• Excerpted data
------------

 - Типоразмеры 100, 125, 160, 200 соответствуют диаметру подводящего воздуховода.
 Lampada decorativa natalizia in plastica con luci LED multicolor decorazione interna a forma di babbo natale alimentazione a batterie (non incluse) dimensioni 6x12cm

------------

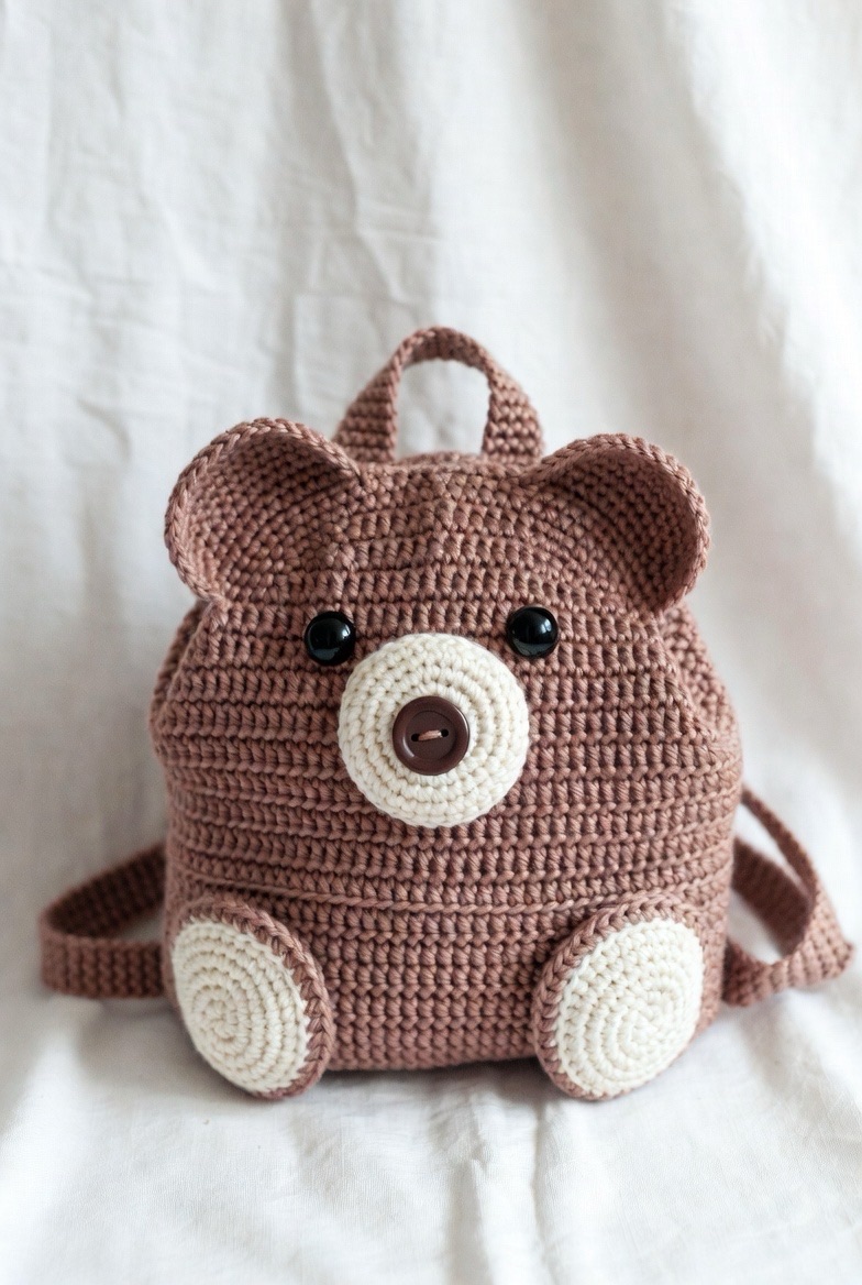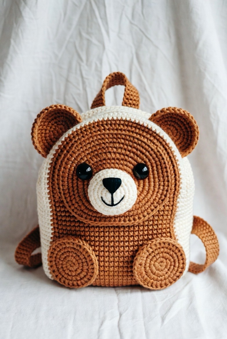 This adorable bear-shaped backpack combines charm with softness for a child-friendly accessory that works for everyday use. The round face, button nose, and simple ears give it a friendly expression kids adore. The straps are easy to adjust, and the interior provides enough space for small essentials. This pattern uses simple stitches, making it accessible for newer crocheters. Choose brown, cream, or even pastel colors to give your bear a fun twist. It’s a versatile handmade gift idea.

------------

• Activity
Please transcribe only the lines in the records above running from the line that has "- Типоразмеры 100, 125, 160, 200" through the line that has "Lampada decorativa natalizia", both included, exactly as they appear.

• Result of the task
 - Типоразмеры 100, 125, 160, 200 соответствуют диаметру подводящего воздуховода.
 Lampada decorativa natalizia in plastica con luci LED multicolor decorazione interna a forma di babbo natale alimentazione a batterie (non incluse) dimensioni 6x12cm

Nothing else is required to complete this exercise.